AVAILABLE DATA »
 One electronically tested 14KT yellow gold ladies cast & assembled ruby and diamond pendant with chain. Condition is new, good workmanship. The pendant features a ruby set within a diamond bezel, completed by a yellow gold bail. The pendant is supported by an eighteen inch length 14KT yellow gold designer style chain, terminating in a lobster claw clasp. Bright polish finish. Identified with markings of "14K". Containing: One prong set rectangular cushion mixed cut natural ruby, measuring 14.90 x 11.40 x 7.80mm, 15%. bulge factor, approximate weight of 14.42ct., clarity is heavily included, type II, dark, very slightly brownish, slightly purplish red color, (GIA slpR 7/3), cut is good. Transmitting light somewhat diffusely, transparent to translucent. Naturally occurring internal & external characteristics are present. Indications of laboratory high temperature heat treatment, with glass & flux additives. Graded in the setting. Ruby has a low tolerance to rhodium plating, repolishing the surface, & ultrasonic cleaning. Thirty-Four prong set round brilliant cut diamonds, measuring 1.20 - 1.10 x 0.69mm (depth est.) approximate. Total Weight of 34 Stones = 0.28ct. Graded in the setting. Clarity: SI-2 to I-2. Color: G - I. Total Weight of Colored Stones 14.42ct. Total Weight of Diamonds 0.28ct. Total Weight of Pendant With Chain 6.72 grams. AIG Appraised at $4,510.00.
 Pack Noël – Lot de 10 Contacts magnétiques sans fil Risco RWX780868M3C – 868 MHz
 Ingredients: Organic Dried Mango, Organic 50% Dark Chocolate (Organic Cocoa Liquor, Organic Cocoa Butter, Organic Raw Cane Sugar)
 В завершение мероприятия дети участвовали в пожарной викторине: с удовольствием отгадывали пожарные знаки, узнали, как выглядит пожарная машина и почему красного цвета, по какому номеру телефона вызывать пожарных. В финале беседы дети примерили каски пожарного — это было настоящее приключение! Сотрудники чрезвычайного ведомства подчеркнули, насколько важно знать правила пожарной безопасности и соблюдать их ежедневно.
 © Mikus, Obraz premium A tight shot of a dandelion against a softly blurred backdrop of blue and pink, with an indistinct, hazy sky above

TASK GOAL » Out of the preceding entries, pull every line containing the string "with".

ANSWER SECTION »
 One electronically tested 14KT yellow gold ladies cast & assembled ruby and diamond pendant with chain. Condition is new, good workmanship. The pendant features a ruby set within a diamond bezel, completed by a yellow gold bail. The pendant is supported by an eighteen inch length 14KT yellow gold designer style chain, terminating in a lobster claw clasp. Bright polish finish. Identified with markings of "14K". Containing: One prong set rectangular cushion mixed cut natural ruby, measuring 14.90 x 11.40 x 7.80mm, 15%. bulge factor, approximate weight of 14.42ct., clarity is heavily included, type II, dark, very slightly brownish, slightly purplish red color, (GIA slpR 7/3), cut is good. Transmitting light somewhat diffusely, transparent to translucent. Naturally occurring internal & external characteristics are present. Indications of laboratory high temperature heat treatment, with glass & flux additives. Graded in the setting. Ruby has a low tolerance to rhodium plating, repolishing the surface, & ultrasonic cleaning. Thirty-Four prong set round brilliant cut diamonds, measuring 1.20 - 1.10 x 0.69mm (depth est.) approximate. Total Weight of 34 Stones = 0.28ct. Graded in the setting. Clarity: SI-2 to I-2. Color: G - I. Total Weight of Colored Stones 14.42ct. Total Weight of Diamonds 0.28ct. Total Weight of Pendant With Chain 6.72 grams. AIG Appraised at $4,510.00.
 © Mikus, Obraz premium A tight shot of a dandelion against a softly blurred backdrop of blue and pink, with an indistinct, hazy sky above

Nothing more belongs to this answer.